# [WHAT YOU WILL DO]
Transcribe the records word for word. Leave every picture out.

------ STORED DATA ------

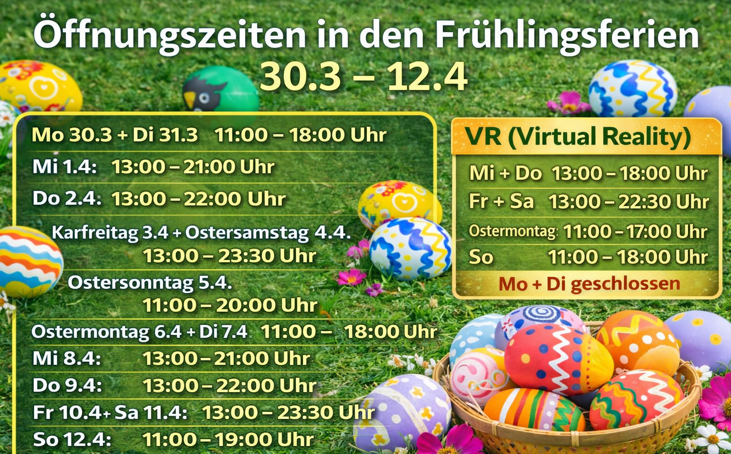 Wenn euch diese Schwarzlicht-Welten noch nicht gänzlich gereicht haben, dann wartet mit unserer revolutionären VIRTUAL ARENA – die grösste Spielfläche der Schweiz und einer der grössten von ganz Europa! - ein immersives Universum, voller Spass und Action, wo bis zu 16 Spielern gleichzeitig agieren können, auf euch.
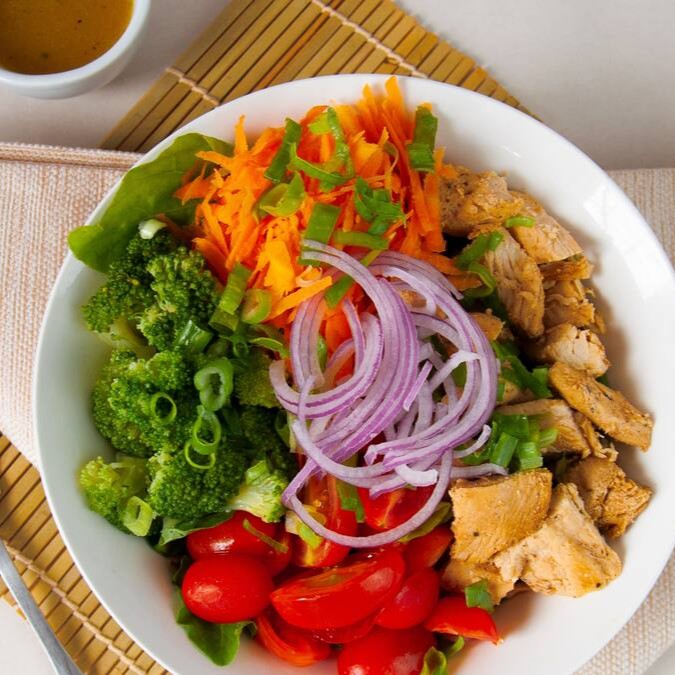 Mix de folhas, frango grelhado, tomate cereja, cenoura, cebola roxa, cream cheese. Acompanha chips de batata doce. Escolha o molho de sua preferência e finalize como desejar :)
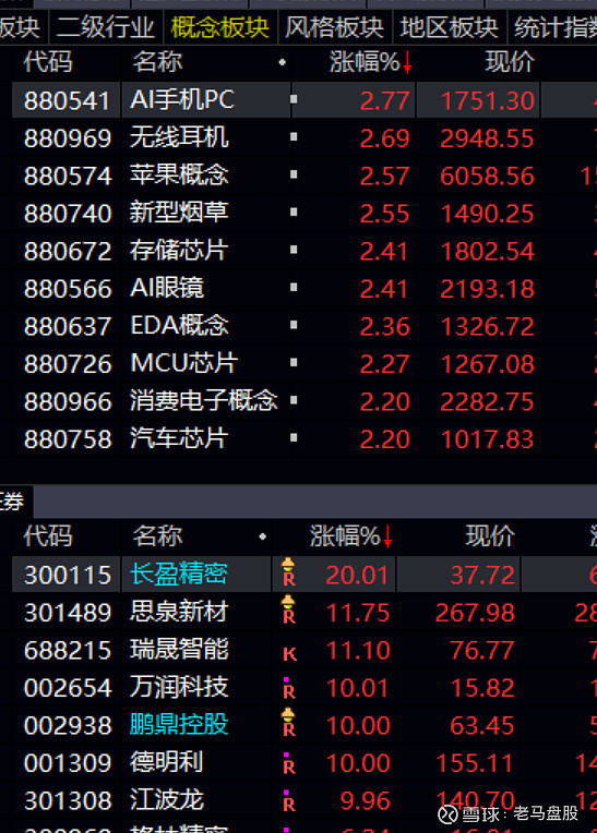 板块个股方面,消费电子板块全日强势,多只芯片概念股大涨创历史新高。受现货黄金价格新高影响,盘尾黄金股持续拉升走强,另外影视院线和旅游板块今日大跌。整体来说近期板块轮动继续,不过热门板块创新药开始分化,机器人股恢复涨势,但是也分化严重。算力,AI应用,半导体估计是本周主力。
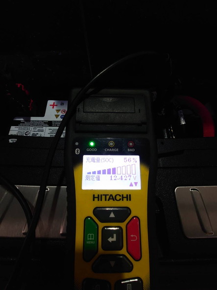 バッテリーの点検を行ったところ、健全性は100%でしたが充電量が56%まで低下していたため交換しました。
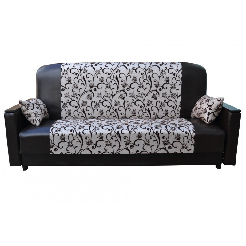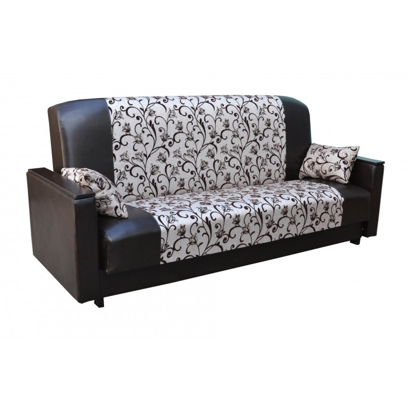 код 85348Кожаный диван с цветочным принтом посередине. Механизм трансформации: книжка.
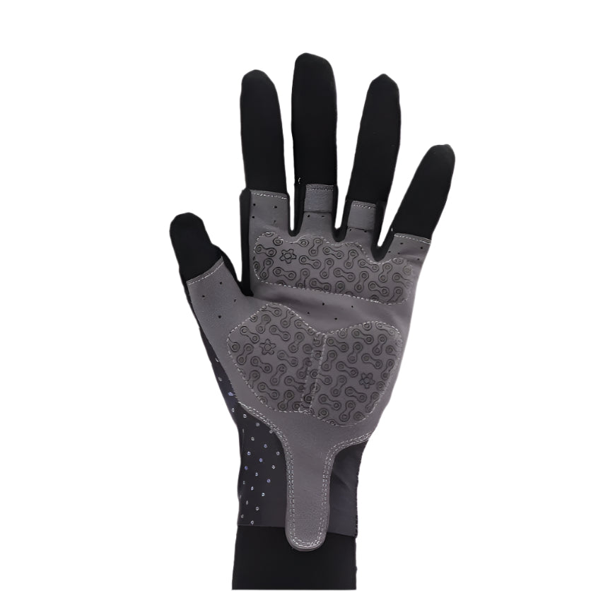 - Palma reforzada con carbono: la palma con textura de carbono ultraliviana y duradera proporciona un agarre y control superiores en el manillar, incluso en condiciones húmedas.

------

# [EXERCISE ANSWER]
 Wenn euch diese Schwarzlicht-Welten noch nicht gänzlich gereicht haben, dann wartet mit unserer revolutionären VIRTUAL ARENA – die grösste Spielfläche der Schweiz und einer der grössten von ganz Europa! - ein immersives Universum, voller Spass und Action, wo bis zu 16 Spielern gleichzeitig agieren können, auf euch.
 Mix de folhas, frango grelhado, tomate cereja, cenoura, cebola roxa, cream cheese. Acompanha chips de batata doce. Escolha o molho de sua preferência e finalize como desejar :)
 板块个股方面,消费电子板块全日强势,多只芯片概念股大涨创历史新高。受现货黄金价格新高影响,盘尾黄金股持续拉升走强,另外影视院线和旅游板块今日大跌。整体来说近期板块轮动继续,不过热门板块创新药开始分化,机器人股恢复涨势,但是也分化严重。算力,AI应用,半导体估计是本周主力。
 バッテリーの点検を行ったところ、健全性は100%でしたが充電量が56%まで低下していたため交換しました。
 код 85348Кожаный диван с цветочным принтом посередине. Механизм трансформации: книжка.
 - Palma reforzada con carbono: la palma con textura de carbono ultraliviana y duradera proporciona un agarre y control superiores en el manillar, incluso en condiciones húmedas.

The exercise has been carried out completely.